I did a few changes. For instance in the Post type.

type Post struct {
	Id         uint64  `json:"_uid_,omitempty"`
	AuthorId   string  `json:"author_id,omitempty"`
	ParentPost *Post   `json:"parent_post,omitempty"`
	Thread     *Thread `json:"thread,omitempty"`
	Title      string  `json:"title,omitempty"`
	Body       string  `json:"body,omitempty"`
}

I’m not sure if this Thread is needed here in Post but it’s good to have a reference to the thread the post belongs to.

And I also changed Thread because it would seem that this makes more sense, in a practical sense:

type Thread struct {
	Id        uint64  `json:"_uid_,omitempty"`
	Forum     *Forum  `json:"forum,omitempty"`
	FirstPost *Post   `json:"first_post,omitempty"`
	LastPost  *Post   `json:"last_post,omitempty"`
	Posts     []*Post `json:"posts,omitempty"`
}

So the Thread’s title is determined by a query for the first Post and there’s the last post, aka the latest reply to the thread (so you can mouseover skim the original post’s content and the last post’s content, see if it’s worth reading etc.).
Likewise there’s a Forum reference (to skim other thread titles in the forum or w/e).

So the question is … “relationships”.
a Thread belongs to a Forum (One), a Forum can have many Threads (ToMany)
a Post belongs to a Thread (One), a Thread can have many Forums (ToMany)

Forum > Thread OneToMany (aka []*Thread)
Thread > Forum ManyToOne (aka forum_id)

Thread > Post OneToMany ( aka []*Post)
Post > Thread ManyToOne ( aka thread_id)

Why not ManyToMany? Because One Post can only belong to One Thread.

But how do you do that in Go and dgraph?

https://tour.dgraph.io/intro/3/ says

  schema {
    name: string @index(exact, term) .
    age: int @index(int) .
    friend: uid @count .
  }

So friend is a uid of a node with the @count. Oh right, I forgot, I’d like to know how many Threads are in a Forum and how many Posts are in a Thread. Is anything special required on the Go side?

What is recommended?
Let’s take the Thread Post relation and structs.
Would it make more sense to have a ThreadId uint64 json:"thread_id" in Post or is Thread *Thread json:"thread" good enough?


(Dalu) #10

After playing around this question more or less answers itself :slight_smile:
It’s all in the query. Let me experiment, things will be more clear then.


(Dalu) #11

How do I write an index in a model?

I tried

type Forum struct {
    Title string `dgraph:"title,index" json:"title"`
}
type Forum struct {
    Title string `dgraph:"title,@index(exact,term)" json:"title"`
}

(Manish R Jain) #12

You need to pass a schema.
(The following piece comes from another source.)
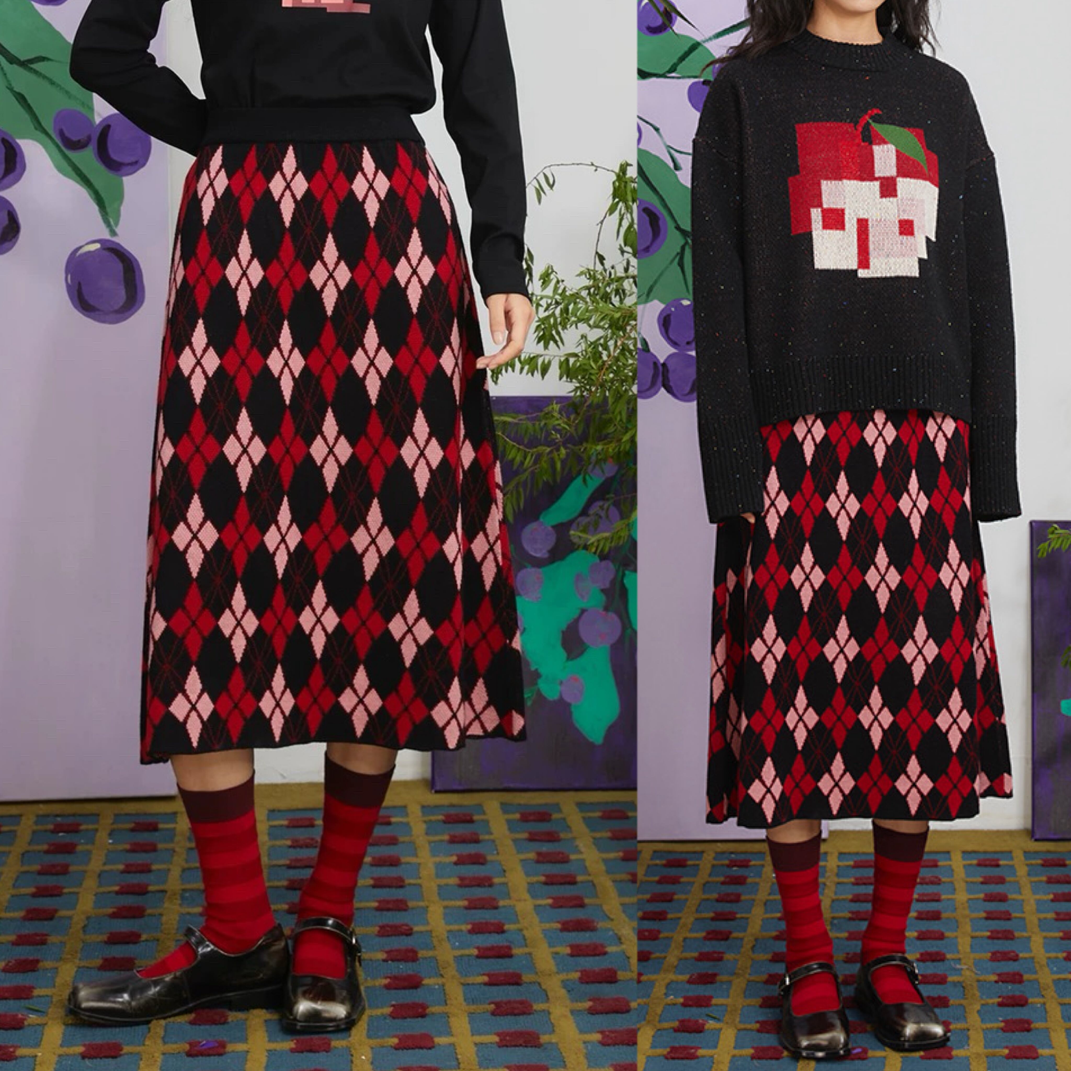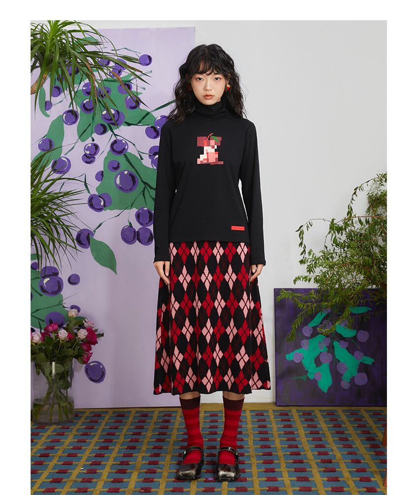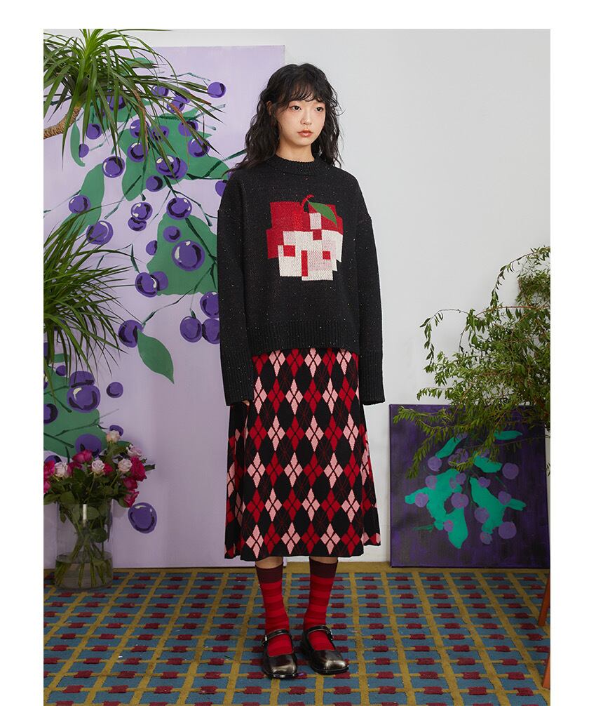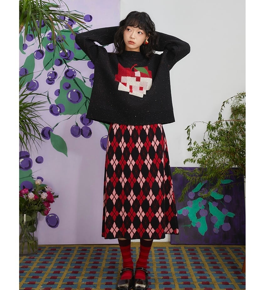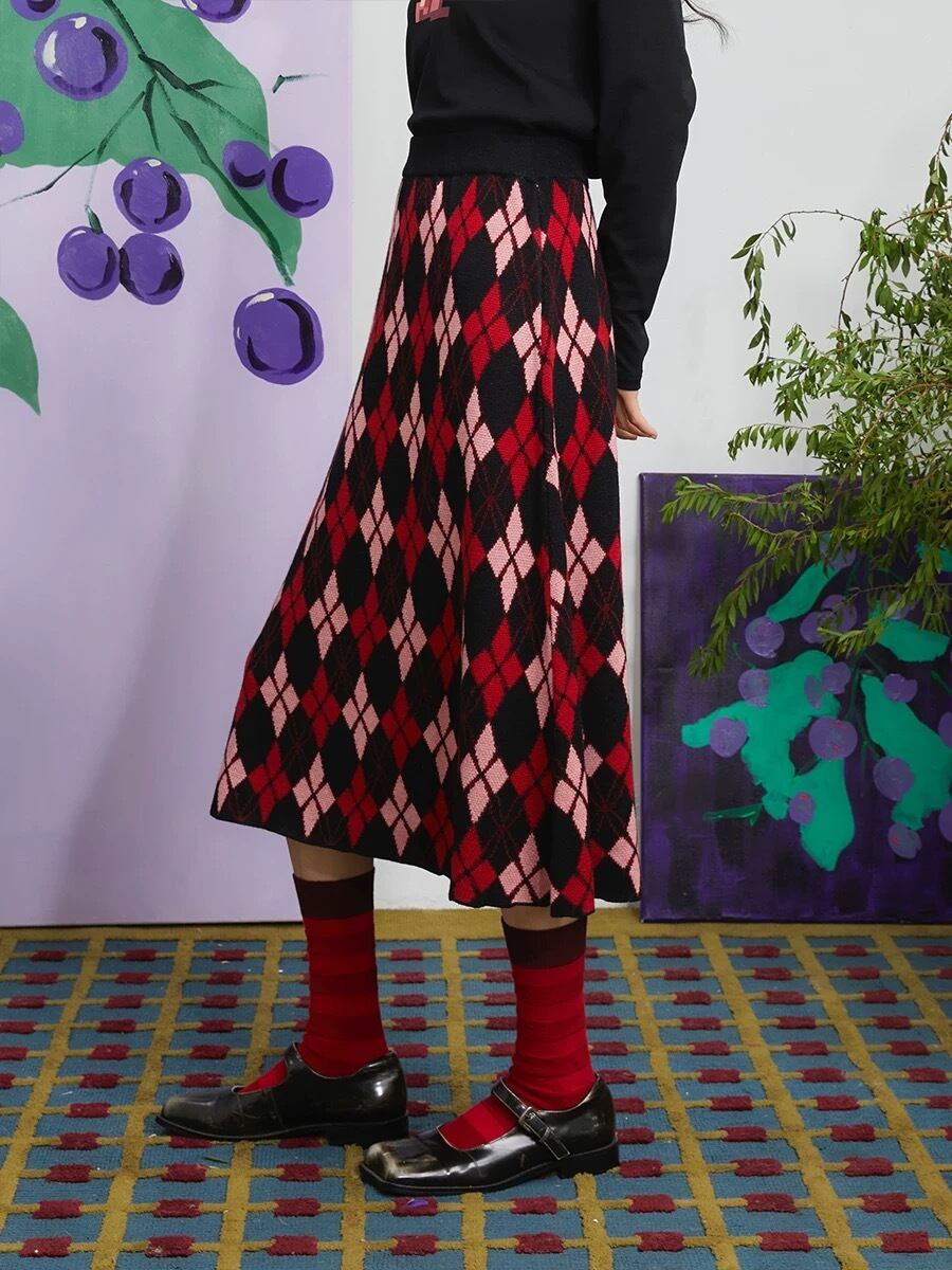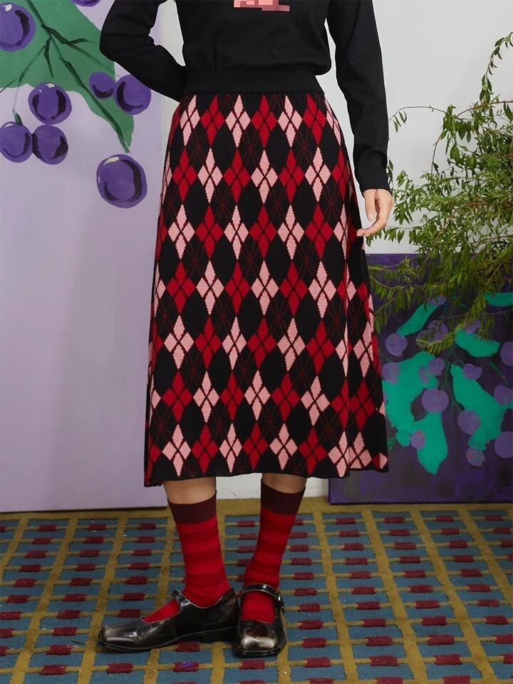 赤 黒 ニット スカート ボトムス ガーリー

You can see more details in docs.dgraph.io.


(Dalu) #13

If the answer was there I wouldn’t ask.
I can add a schema to a request with Req.AddSchema. But https://godoc.org/github.com/dgraph-io/dgraph/protos#SchemaUpdate ?? You wot?

But what irritates me is that this schema is then used for ALL nodes.
Before I tried this forum thing I did parts of the tour.
The tour had a schema with an index on name, therefore I was able to query by name.
Had I not done it, I wouldn’t be able to do so.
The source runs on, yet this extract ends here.